Four pollutant legislation ensures effective clean air planning. Effective clean air planning that can provide durable protection for human health and the environment.   Effective clean air planning can provide certainty for business investments. Effective clean air planning can help to ensure a steady flow of low cost electricity.  

I believe we can incorporate the best parts of CAIR into a CAPA bill to ensure seamless air quality controls.

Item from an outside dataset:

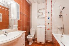 - Комфорт для всей семьи. Утром никто не ждёт в очереди — в вашем распоряжении два раздельных санузла с просторной белоснежной Испанской ванной "Roca" и душевой кабиной с Финской сауной (стекло), есть бойлер на 100 л. Только Немецкая и Испанская сантехника есть стиральная машина с вертикальной загрузкой "Bosch".

I also believe Senator Alexander and I can find a third way to move past some issues that have sometimes kept us from working together in the past.

It’s been almost 18 years since Congress passed significant revisions to the Clean Air Act. No one disputes that we’ve made significant environmental progress, but this is no time to rest on our Laurels. Rather, it is time we get to work on stronger air quality legislation. 

The nation cannot afford further delay. We must get started, today.

We respectfully seek your input on how we can effectively and efficiently craft a durable plan for clean air.   I look forward to working with you, Senator Alexander, and my other colleagues on a comprehensive, multi-pollutant bill. Working together, I believe we can achieve Clean Air for America.